TRANSPORT ET COÛT DU TRAVAIL
La compétitivité-coût, et plus particulièrement le coût du travail, est un élément clé quant à la capacité des acteurs luxembourgeois à concurrencer les autres pôles logistiques à proximité. C’est ainsi que la Chambre de Commerce a analysé, dans son Eco News Flash n° 10, l’évolution du coût du travail du secteur du transport luxembourgeois et les conséquences de cette évolution sur sa compétitivité, sa rentabilité et sa capacité d’investissement en comparaison avec les pays voisins. Il en ressort notamment que le transport routier de fret pourrait être pénalisé par un coût de la main-d’œuvre croissant au Grand-Duché, tandis que le faible niveau des investissements de l’ensemble du secteur du transport interroge sur sa croissance future.
La décarbonation, le grand défi du secteur
Toutefois, l’enjeu qui mobilise toute l’attention du secteur est la forte diminution de son impact écologique. Selon l’Agence internationale de l’énergie (IEA), le transport représente 24% des émissions de CO2 dans le monde et 31% en Europe. L’objectif à atteindre pour respecter les accords de Paris et limiter le réchauffement climatique à 1,5 °C est particulièrement ardu: réduire les émissions de CO2 du secteur de près de 70% entre 2015 et 2050, ceci dans un contexte de croissance significative du secteur. Selon l’International Transport Forum, «chaque composante du secteur des transports nécessite sa propre stratégie de décarbonation» selon les principes «éviter, changer, améliorer». Ceci passera notamment par un soutien à l’innovation pour accélérer les avancées technologiques nécessaires: véhicules et carburants moins polluants, transition vers l’électrique ou l’hydrogène, innovation par le numérique…

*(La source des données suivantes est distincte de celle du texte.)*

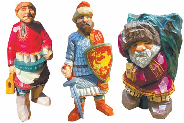 Деревянные меря работы семьи московских художников. Слева направо: Егор, Владимир, дядя Коля-еловик. Фото: личный архив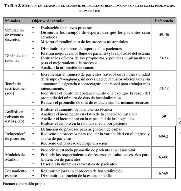 La revisión de la literatura permite identificar diferentes metodologías en el marco de la logística hospitalaria para entender y abordar los diferentes factores que prolongan la estancia y los efectos derivados de esta. Estas metodologías se encuentran orientadas a lograr mayores niveles de eficiencia en la administración hospitalaria, como son la simulación de eventos discretos, la dinámica de sistemas, el análisis envolvente de datos, la teoría de restricciones, los modelos de Markov, el pensamiento esbelto (lean thinking) y la reingeniería.

Actuellement, au sein de l’Union européenne, la volonté politique de transition environnementale du transport de fret se heurte à l’insuffisance des avancées technologiques et au manque de mesures fiscales incitatives pour l’investissement dans des véhicules verts. Les véhicules intégrant des technologies durables (électromobilité, pile à combustion…) ont un prix d’acquisition trois à quatre fois plus élevé que les véhicules au diesel, ce qui pose d’importants défis en termes de compétitivité-coût et de marges des entreprises. Le maintien de la compétitivité du secteur pourrait alors passer par des investissements importants dans des infrastructures énergétiques vertes et un accès facilité à ces installations pour les entreprises du secteur.
01. Le secteur des transports, en plein boum au niveau mondial, est condamné à innover pour maintenir sa compétitivité dans un contexte de hausse des coûts énergétiques et de nécessaire transition environnementale. Ici, un camion autonome, déjà en test en grandeur réelle aux États-Unis.